Mit Sun Ra Bullock macht Gary Flanell dann weiter auf dem ATOMVULKAN BRITZ – Tape. Regressiver Rock finde ich eine tolle Bezeichnung für den minimalen Sound durch Schlagzeug und Bass, der hier auch durch experimentale Samples teils bedrohlich aufgepustet wird. Die minimalen Gesangs(?)elemente sorgen zusätzlich für ein tripähnliches Hörerlebnis. Ideal kommt das bei abgedunkeltem Raum mit Leucht-LEDs aus dem Baumarkt. Ich schwör: Besser geht’s nicht! Durch das Video Britz Süd fühle ich meine rauschhaften Assoziationen bestätigt. Klar, die Dubelemente unterstützen das gut. Oft denke ich auch an No Wave oder ähnliches. Die Freude am wohldosierten Experiment kommt auf jeden Fall an. Irgendwie ist es wie eine Reise durch ein musikalisches Wimmelbild.
Und wie passt da die 7inch von OSEKRE & THE LUCKY BASTARDS rein?


Natürlich überhaupt nicht, denn das ist – in meinen Ohren – astreiner Soulpunk mit Calypso-Elementen, jederzeit mitreißend und hymnisch. Was für eine Freude, auch wenn ich wohl falsch liege, denn die Wurzeln liegen wohl in westafrikanischen Rhythmen, wie Gary in gerade noch lesbarer Handschrift mitteilt. Ja, ja, guter Geschmack kennt keine Grenzen! 2015 ist das schon raus, und ich weiß gar nicht, ob es da überhaupt noch Reste von gibt.

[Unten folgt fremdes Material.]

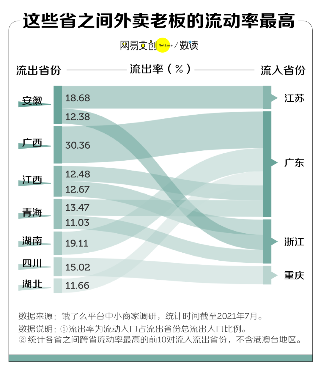 例如广西的外卖老板中,有高达 30% 的都是去了广东。两个省份地理上相邻,且广东经济发展好,人口稠密,餐饮外卖需求大,自然对广西老板充满了吸引力。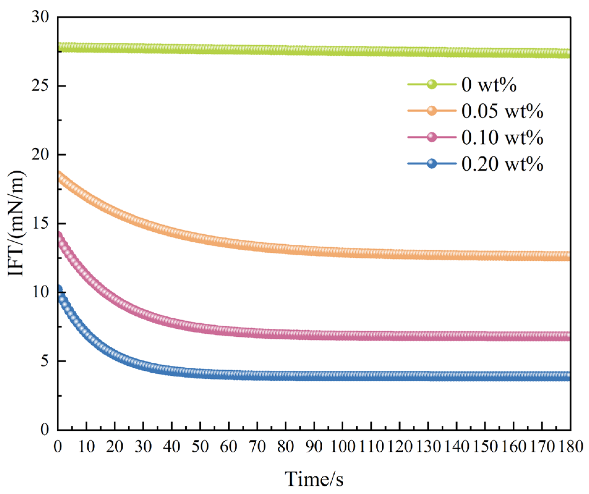 Oil–simulated formation water interfacial tension (IFT) was measured using a TX500C spinning-drop interfacial tensiometer (Beijing Haiyida Technology Co., Ltd., Beijing, China) at different MPN-CNCG concentrations (0, 0.05, 0.10, and 0.20 wt%). The experiments were conducted at 25 °C with a rotational speed of 4000 rpm. IFT–time curves were continuously recorded over 0–180 s, and equilibrium IFT values were obtained. Each condition was tested in triplicate, and the average value was used.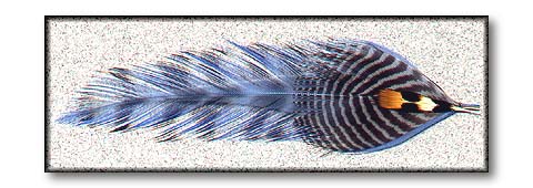 STEP 4: In this step, the wing/shoulder/cheek assemblies are constructed. After selecting an acceptable pair of grizzly and light blue saddle hackles, determine a left and a right hackle from both types. Strip the individual hackle fibers off each hackle until they are the proper length. Apply a light line of thick head cement along each grizzly hackle stem, from the base to slightly less than 1/3 the length. Align the light blue hackles on top of these and gently press them flush with the grizzly hackles. Allow the cement to dry a bit, and select and prepare the shoulder feathers. These feathers should be 1/3 the length of the wing, and slightly wider than the saddle hackles. Cement these onto the hackle pairs in the same manner as above, but use a line of cement that is only as long as the jungle cock that will cover it. This is important because too much cement will ruin the appearance of the completed streamer. The final step of wing assembly is to cement the jungle cock nails to each wing. When the cement has dried sufficiently, proceed to the next step. Some streamer tyers find it desireable to only cement the wing hackles together, and apply the shoulders and cheeks individually after the wings are tied in. This approach allows you to make minor adjustments to cover unsightly gaps between the wing assemblies.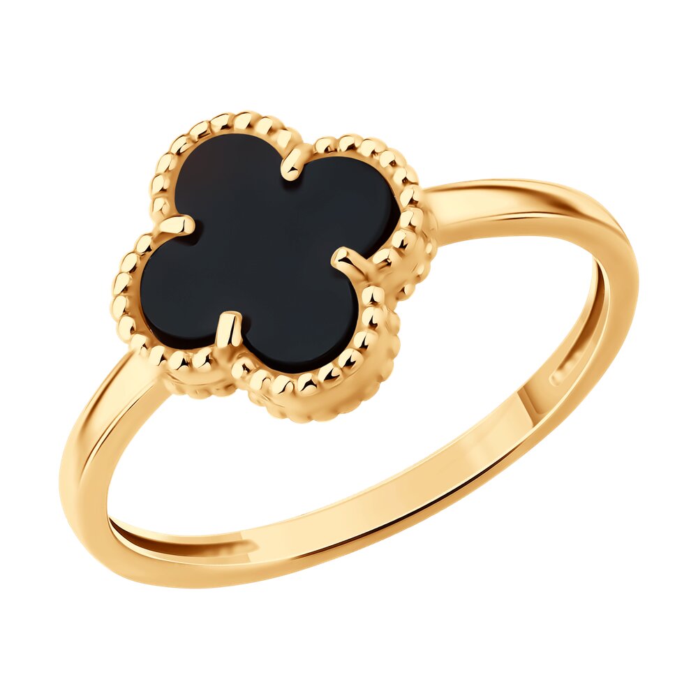 Кольцо "Клевер" с ониксом из золота 585 пробы арт. 717192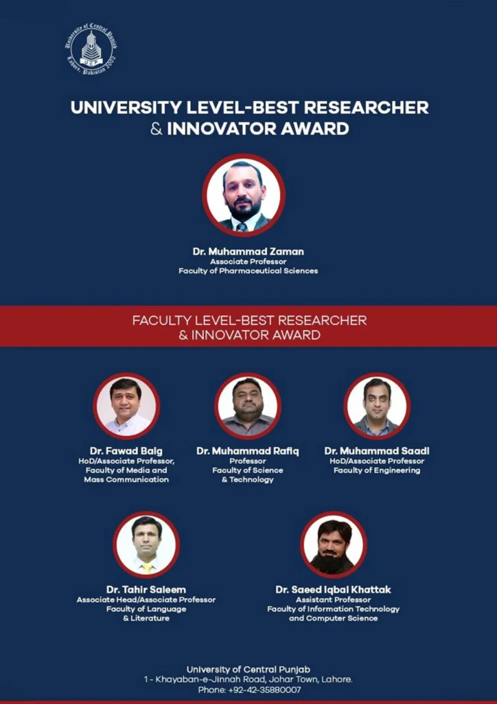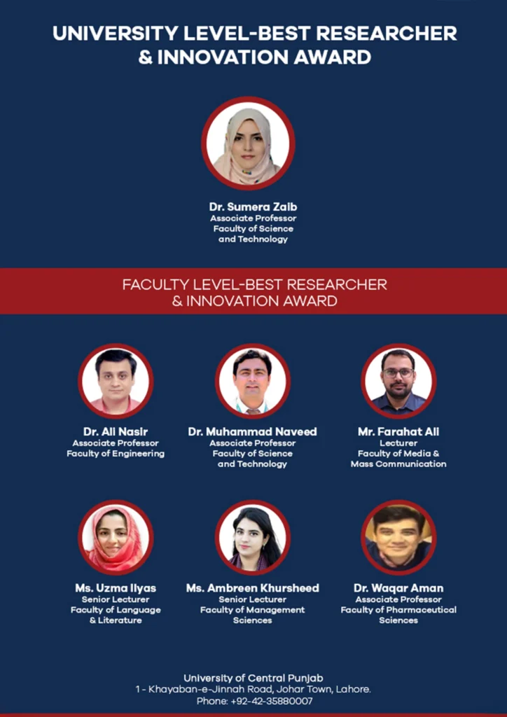 The practical outcome of faculty members’ collective research and innovative work is essential for the university to achieve its mission in the context of becoming a research-intensive institute, new knowledge discovery/creation through the latest research trends, and solving local techno-economic problems through innovative measures. In order to acknowledge the research and creative efforts of faculty members, University of Central Punjab (UCP) offers the Best Researcher and Innovator Award (BRIA), both at university and faculty levels, on account of extraordinary performance in his/her area of interest.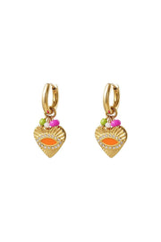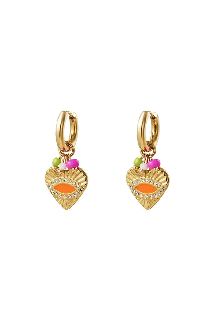 Super leuke en kleurrijke oorbellen waar je iedere outfit vrolijk mee maakt! Deze goudkleurige oorbellen kralen kleurrijk zijn de perfecte aanvulling op jouw sieradencollectie. Met hun hartvormige hanger en oranje hart stelen ze gegarandeerd de show. Geen zorgen over verkleuring, want deze beauties zijn gemaakt van stainless steel. Ideaal voor wie op zoek is naar fleurige en kleurrijke oorbellen.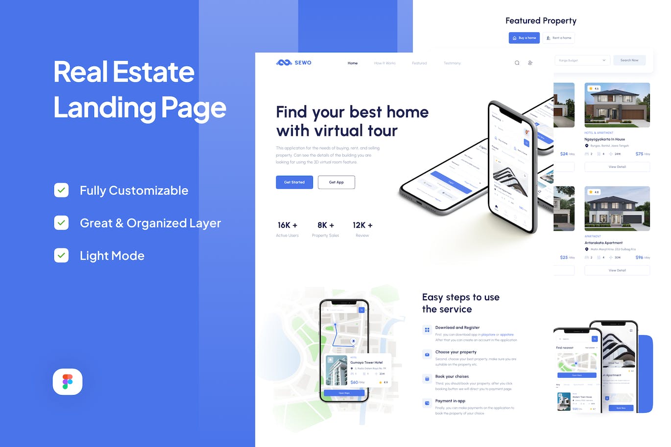 Sewo是一个具有干净、极简和现代设计的房地产应用程序登录页面。Sewo适合并易于完全定制,以满足您的需求。可在灯光模式下使用,在Figma中使用方便。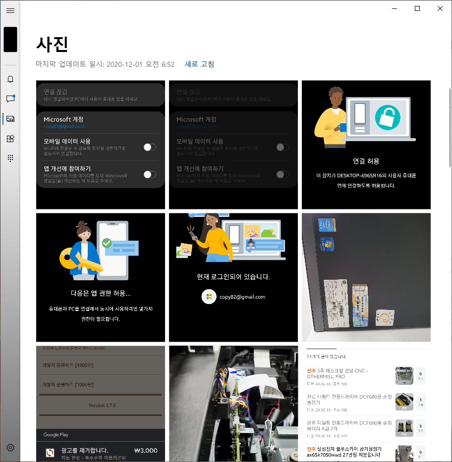 갤러리 또한 확인이 가능하며 사진을 PC로 바로 가져올 수 있습니다.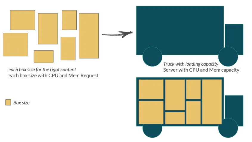 The person loading the truck (in this case, Kubernetes) assumes it’s full because all the boxes are taking up room, even though there’s actually plenty of unused capacity inside.

Auf der Bandcamp-Veröffentlichung ist noch ein Song mehr drauf. Da sollte der geneigte Leser ruhig mal auf die Suche gehen. Diese Perle ist es wert, gesucht zu werden.

Zum guten Schluss gibt es dann mit „Angst vorm blauen Himmel“ noch eine Kurzgeschichtensammlung, die zur Reise durch Gary Flanells Fantasie einlädt. Manche Geschichten scheinen einen autobiografischen Hintergrund zu haben, wenn beispielsweise Opas Sicht auf die Neubausiedlung im Dorf oder das traurige Schicksal, wenn man als DJ seinen guten Musikgeschmack mit den realen Wünschen eines einfachen Publikums in Einklang bringen muss, thematisiert werden. Das Leben auf dem Dorf mit Schützenfest und Gleichaltrigen, die auch gerne mal Nazis werden, gehört sicher zum Kanon der Erzählungen, die der Punkszene entspringen. Das wird plastisch erzählt und die Bilder im Kopf entstehen sofort. Die den Träumen und Fantasien Garys entsprungenen aberwitzigen Geschichten sind für mich die Höhepunkte. Die haarige Rambo-Spinne oder das Schicksal des fetten Wellensittichs Schlipsie machen einfach richtig Spaß. Ich liebe dieses Abtauchen ins Absurde. Gassigehen mit unsichtbaren Hunden, Bartwuchs, um Tieren ein Zuhause zu geben… Eine wahre Freude, das zu lesen! Vielleicht ist es manchmal etwas schwer, die Geschichten einfach hintereinander zu lesen, weil die Texte doch sehr unterschiedlich sind. Nachdem ich umgestellt habe und einfach immer geblättert habe, um an einer Geschichte kleben zu bleiben, die meiner eigenen Stimmung entsprach, stieg mein Lesevergnügen doch deutlich. Erschienen ist sein Sammlung bei Edition Subkultur.

Für mich auf jeden Fall ein Fest, diesen kreativen Geist kennenlernen zu dürfen, der abseits der gängigen Pfade meine Suchbewegungen nach Interessantem kreuzt. Ich hoffe auf viele weitere Aktivitäten und kann dem geschätzten Kreis der Leser dieses Blogs nur empfehlen, genauer hinzuschauen oder zuzuhören, wenn da Gary Flanell oder John Steam Records draufsteht.